Tags: engineering reverse
Rating:
[writ[writeup by @bonaff]
**CTF:** 0x00CTF
**Team:** spritzers (from [SPRITZ Research Group](http://spritz.math.unipd.it/))
**Task:** Reverse / challenge-004
**Points:** 50
We are given an ELF x86-64 executable:
```
$ file hello
hello: ERROR: ELF 64-bit LSB executable, x86-64, version 1 (SYSV), dynamically linked, interpreter /lib64/ld-linux-x86-64.so.2, for GNU/Linux 2.6.24, BuildID[sha1]=b8ccefeffb8978b2289ec31802396333def9dfad error reading (Invalid argument)
```
The file is a little messy, but nothing exceptional.

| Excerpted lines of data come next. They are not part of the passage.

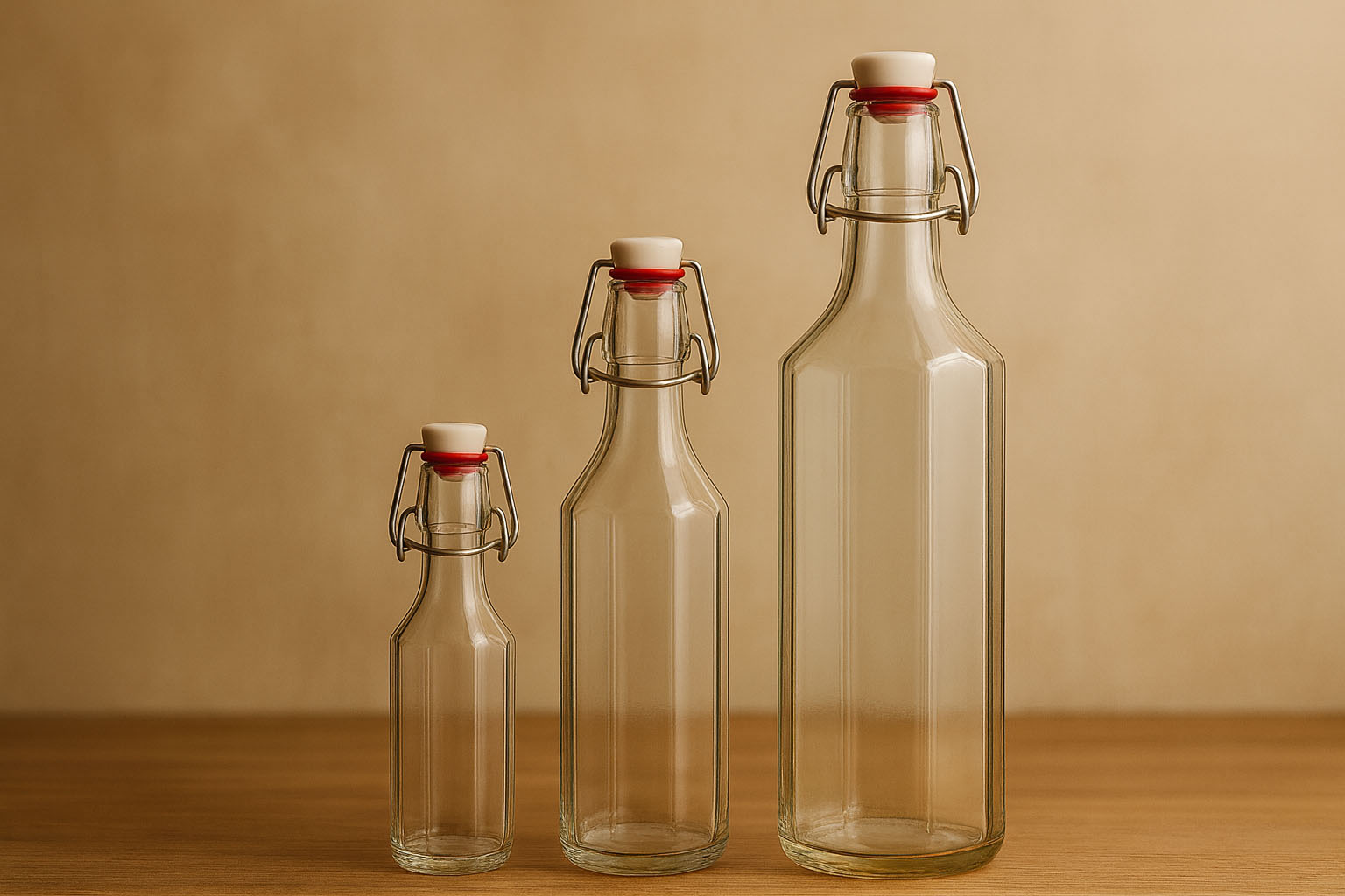 De serie „Bravo“ overtuigt met zijn markante, tienhoekige vorm die elegantie en functionaliteit combineert. Gemaakt van hoogwaardig helder glas, zet deze bijzondere fles de inhoud stijlvol in de schijnwerpers. Verkrijgbaar in inhoudsmaten van 250 tot 1000 ml, biedt „Bravo“ de perfecte oplossing voor diverse dranken. Dankzij de praktische beugelsluiting, waarvoor passende doppen in ons assortiment beschikbaar zijn, combineert hij een traditioneel sluitingssysteem met moderne esthetiek.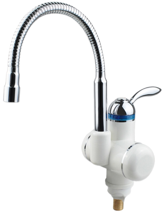- Кран-водонагреватель оснащен поворотным изливом, поэтому его удобно использовать как в обычной раковине, так и в раковине с двумя отделениями.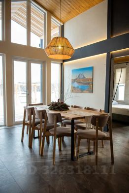 Гостиная оборудована двумя диванами 90х200 см каждый, ТВ, экокамином, обеденным столом 90х180 см, с возможностью размещения до 11 человек: 8 взрослых и 2 ребёнка.
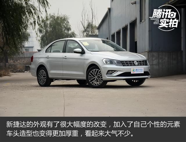 新捷达的外观有了很大幅度的改变,加入了自己个性的元素,车头造型也变得更加厚重,看起来大气不少。增大了进气格栅的的面积,两侧与大灯相连有效地增强了前脸的横向视觉效果。而内部横竖相连的镀铬装饰,看上去和上汽大众的车型很像。发动机盖的棱线比以往更加清晰,凸显出硬朗的设计元素。棱角分明的前大灯与进气格栅融为一体,内部同样采用家族式的"双U型"结构,很好的提升了其辨识度。车牌下方的进气格栅造型也进行了改变,底部增加的镀铬饰条看着也很协调,这也算是迎合国内消费者的口味。保险杠两侧的多边形雾灯辅以镀铬饰条,看上去更显精致。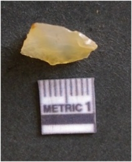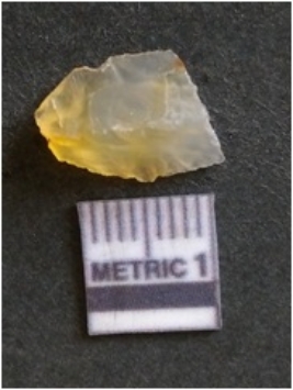 | Description / विवरण | The chalcedony flake is pale in color and translucent in appearance. The piece has s harp flaked ends and a bulbous end due to flaking. The flake has a crypto-crystalline silica matrix. |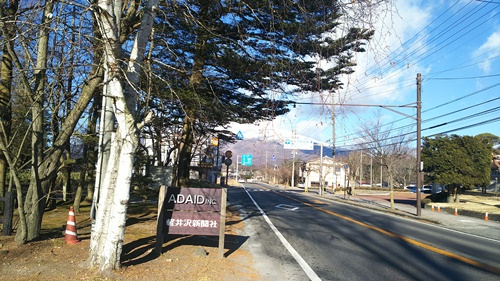 今朝の軽井沢はすがすがしい青空が広がっています。日陰では一昨日降った雪が凍っている箇所がありました
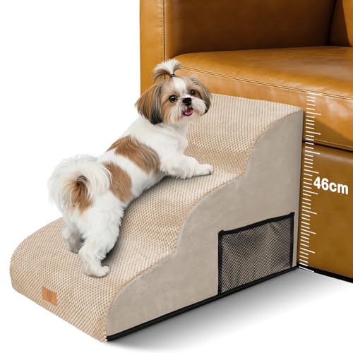 COZY KISS hundtrappa för små hundar 40 cm, husdjurstrappa för soffa av hög densitet svamp, hundtrappa hundramp med tvättbart överdrag och halkfritt golv, 40 x 57 x 40 cm, 3 steg, ljusbrun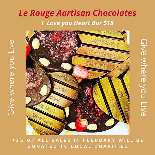 Stop in at Le Rouge to pick any of our chocolate creations packaged in a Red Heart Box and share it with someone in our community who least expects it and spread love through random acts of kindness.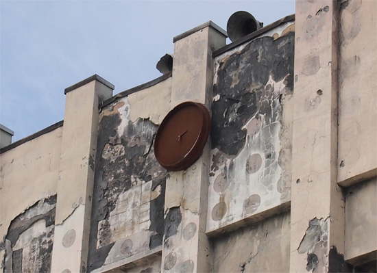 三階の時計まで海水に浸かった証拠に時計のサビが凄い。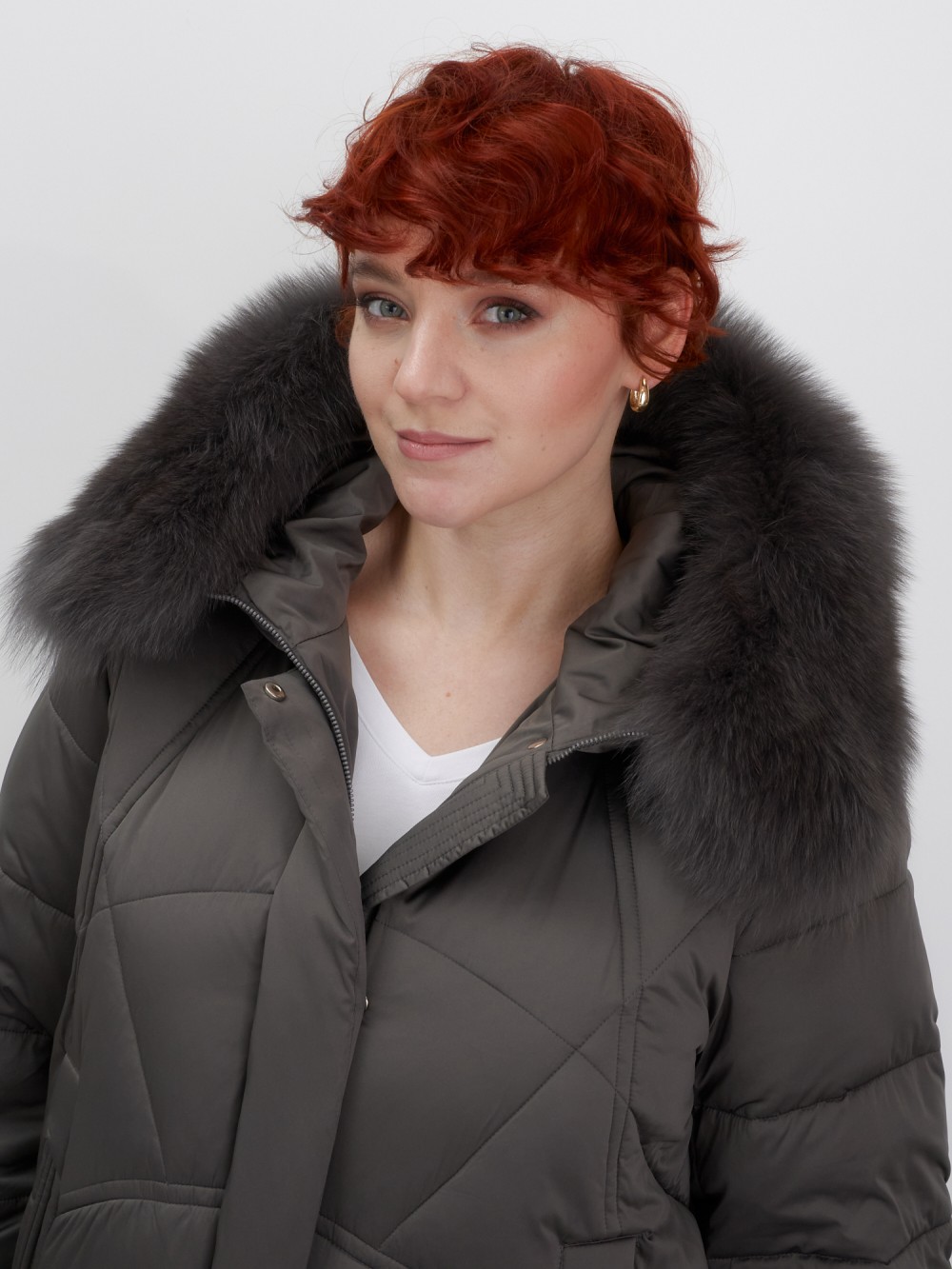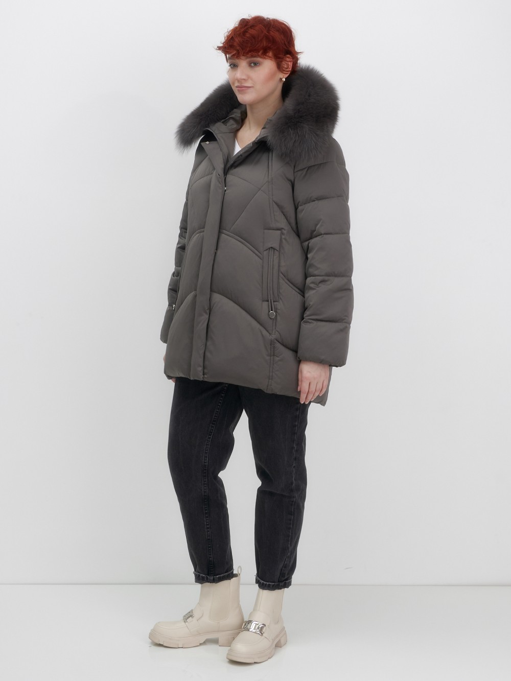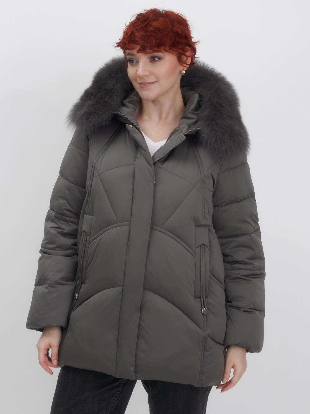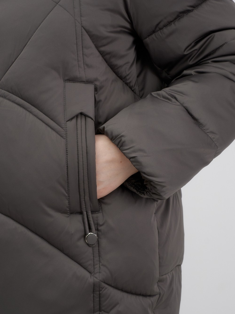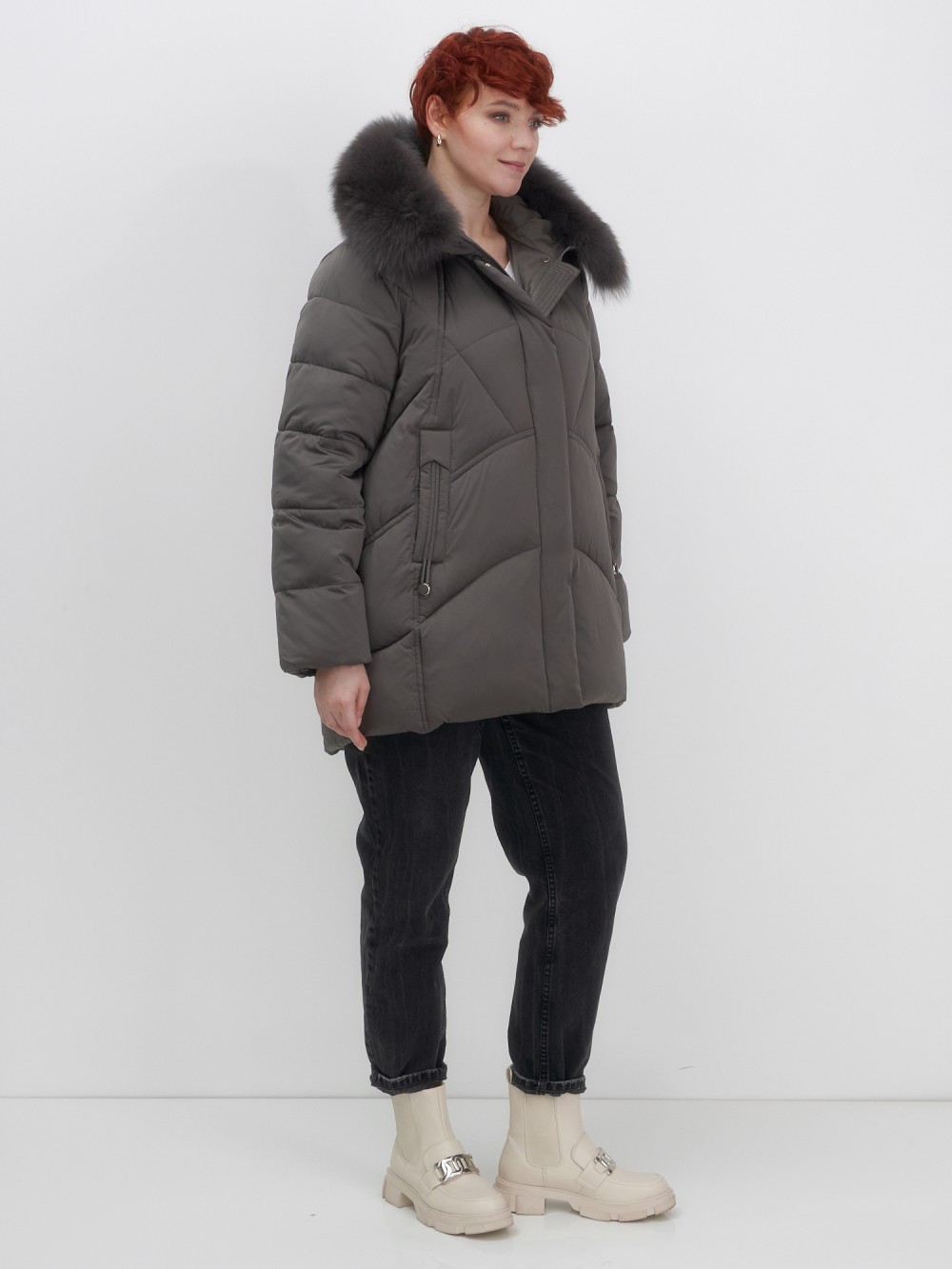 Куртка зимняя женская с мехом и капюшоном тренд темно-серого цвета 7656TC — Visdeer

At 0x40084E we can see the function that checks if the key is valid or not:
```
signed __int64 __fastcall sub_40084E(char *input_key)
{
char buf; // [rsp+1Bh] [rbp-5h]
int i; // [rsp+1Ch] [rbp-4h]
if ( (*buffer[0] ^ (unsigned __int8)*input_key) != 48 )
return 0xFFFFFFFFLL;
if ( (buffer[0][1] ^ (unsigned __int8)input_key[1]) != 120 )
return 0xFFFFFFFFLL;
if ( (buffer[0][2] ^ (unsigned __int8)input_key[2]) != 48 )
return 0xFFFFFFFFLL;
if ( (buffer[0][3] ^ (unsigned __int8)input_key[3]) != 48 )
return 0xFFFFFFFFLL;
if ( (buffer[0][4] ^ (unsigned __int8)input_key[4]) != 67 )
return 0xFFFFFFFFLL;
if ( (buffer[0][5] ^ (unsigned __int8)input_key[5]) != 84 )
return 0xFFFFFFFFLL;
if ( (buffer[0][6] ^ (unsigned __int8)input_key[6]) != 70 )
return 0xFFFFFFFFLL;
if ( (buffer[0][7] ^ (unsigned __int8)input_key[7]) == 123 )
{
for ( i = 0; i < dword_602080; ++i )
{
buf = input_key[i % 8] ^ buffer[0][i];
write(1, &buf, 1uLL);
}
exit(1);
}
```
In the final `for`, the program will decrypt the flag using the buffer and the key we give to it (if it was right).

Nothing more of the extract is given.